- [Task to complete]: Transcribe the listing word for word, beginning at its first line and ending at the line containing "会议最后,门小刚、孙启龙与王"; omit the pictures.

##############################

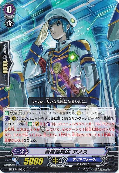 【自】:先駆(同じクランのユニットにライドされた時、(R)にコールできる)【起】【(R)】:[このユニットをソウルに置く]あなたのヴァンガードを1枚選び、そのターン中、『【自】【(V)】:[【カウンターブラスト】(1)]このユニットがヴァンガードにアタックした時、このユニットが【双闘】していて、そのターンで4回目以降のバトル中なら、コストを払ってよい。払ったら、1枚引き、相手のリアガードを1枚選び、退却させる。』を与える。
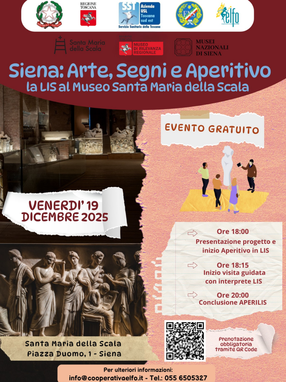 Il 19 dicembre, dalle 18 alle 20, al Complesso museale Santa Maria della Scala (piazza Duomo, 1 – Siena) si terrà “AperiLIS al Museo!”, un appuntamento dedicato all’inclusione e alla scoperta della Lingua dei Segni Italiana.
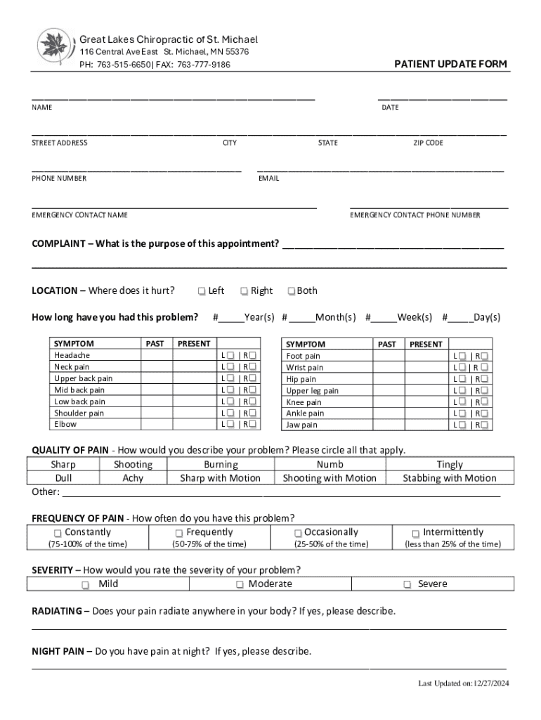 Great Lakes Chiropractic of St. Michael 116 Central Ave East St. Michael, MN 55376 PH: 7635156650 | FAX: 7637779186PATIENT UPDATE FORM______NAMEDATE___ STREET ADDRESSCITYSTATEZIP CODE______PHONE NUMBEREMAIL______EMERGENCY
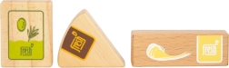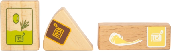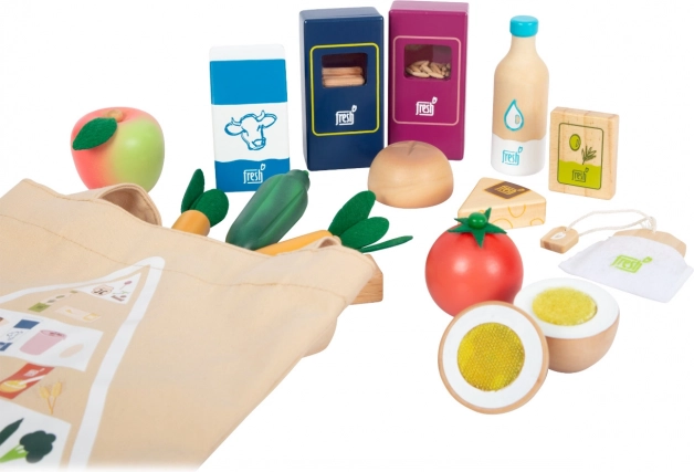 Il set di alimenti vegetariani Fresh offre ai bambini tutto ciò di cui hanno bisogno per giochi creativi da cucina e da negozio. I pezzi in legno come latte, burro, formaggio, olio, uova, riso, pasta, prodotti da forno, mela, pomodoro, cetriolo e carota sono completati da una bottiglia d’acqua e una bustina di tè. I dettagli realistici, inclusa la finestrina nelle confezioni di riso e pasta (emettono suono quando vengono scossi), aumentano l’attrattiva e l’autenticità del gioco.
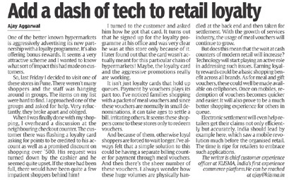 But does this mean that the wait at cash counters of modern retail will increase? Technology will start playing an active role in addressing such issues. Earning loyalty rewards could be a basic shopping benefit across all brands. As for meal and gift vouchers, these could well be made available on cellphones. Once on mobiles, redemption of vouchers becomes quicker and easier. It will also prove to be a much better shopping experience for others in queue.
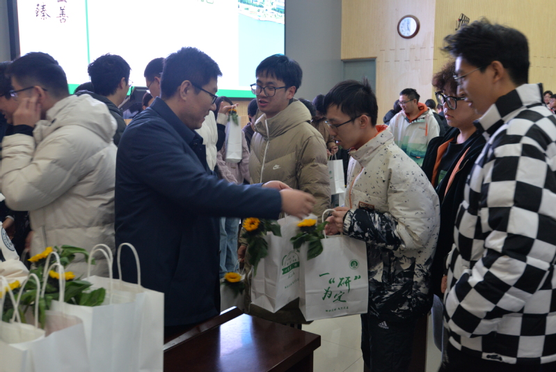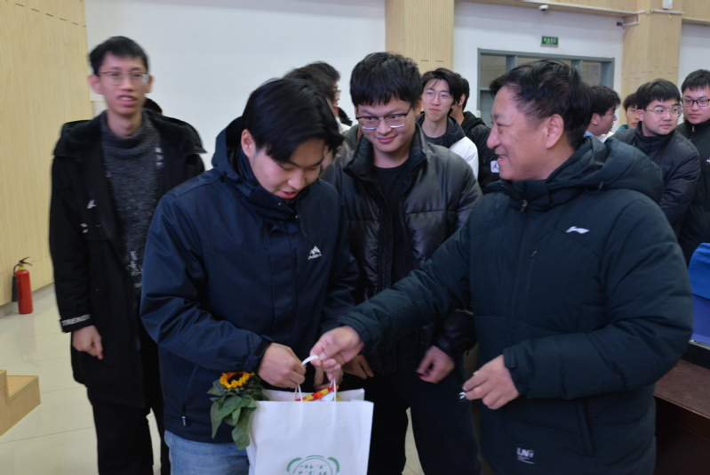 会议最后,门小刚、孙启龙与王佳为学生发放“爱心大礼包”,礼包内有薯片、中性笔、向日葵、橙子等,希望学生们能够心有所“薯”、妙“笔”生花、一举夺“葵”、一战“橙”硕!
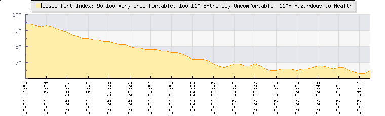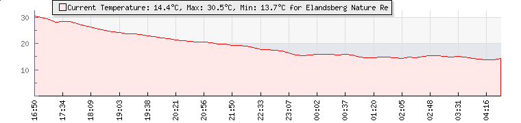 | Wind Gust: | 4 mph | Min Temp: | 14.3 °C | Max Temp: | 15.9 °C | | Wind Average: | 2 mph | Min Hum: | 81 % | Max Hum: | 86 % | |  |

##############################

- [Answer box]:
 【自】:先駆(同じクランのユニットにライドされた時、(R)にコールできる)【起】【(R)】:[このユニットをソウルに置く]あなたのヴァンガードを1枚選び、そのターン中、『【自】【(V)】:[【カウンターブラスト】(1)]このユニットがヴァンガードにアタックした時、このユニットが【双闘】していて、そのターンで4回目以降のバトル中なら、コストを払ってよい。払ったら、1枚引き、相手のリアガードを1枚選び、退却させる。』を与える。
 Il 19 dicembre, dalle 18 alle 20, al Complesso museale Santa Maria della Scala (piazza Duomo, 1 – Siena) si terrà “AperiLIS al Museo!”, un appuntamento dedicato all’inclusione e alla scoperta della Lingua dei Segni Italiana.
 Great Lakes Chiropractic of St. Michael 116 Central Ave East St. Michael, MN 55376 PH: 7635156650 | FAX: 7637779186PATIENT UPDATE FORM______NAMEDATE___ STREET ADDRESSCITYSTATEZIP CODE______PHONE NUMBEREMAIL______EMERGENCY
 Il set di alimenti vegetariani Fresh offre ai bambini tutto ciò di cui hanno bisogno per giochi creativi da cucina e da negozio. I pezzi in legno come latte, burro, formaggio, olio, uova, riso, pasta, prodotti da forno, mela, pomodoro, cetriolo e carota sono completati da una bottiglia d’acqua e una bustina di tè. I dettagli realistici, inclusa la finestrina nelle confezioni di riso e pasta (emettono suono quando vengono scossi), aumentano l’attrattiva e l’autenticità del gioco.
 But does this mean that the wait at cash counters of modern retail will increase? Technology will start playing an active role in addressing such issues. Earning loyalty rewards could be a basic shopping benefit across all brands. As for meal and gift vouchers, these could well be made available on cellphones. Once on mobiles, redemption of vouchers becomes quicker and easier. It will also prove to be a much better shopping experience for others in queue.
 会议最后,门小刚、孙启龙与王佳为学生发放“爱心大礼包”,礼包内有薯片、中性笔、向日葵、橙子等,希望学生们能够心有所“薯”、妙“笔”生花、一举夺“葵”、一战“橙”硕!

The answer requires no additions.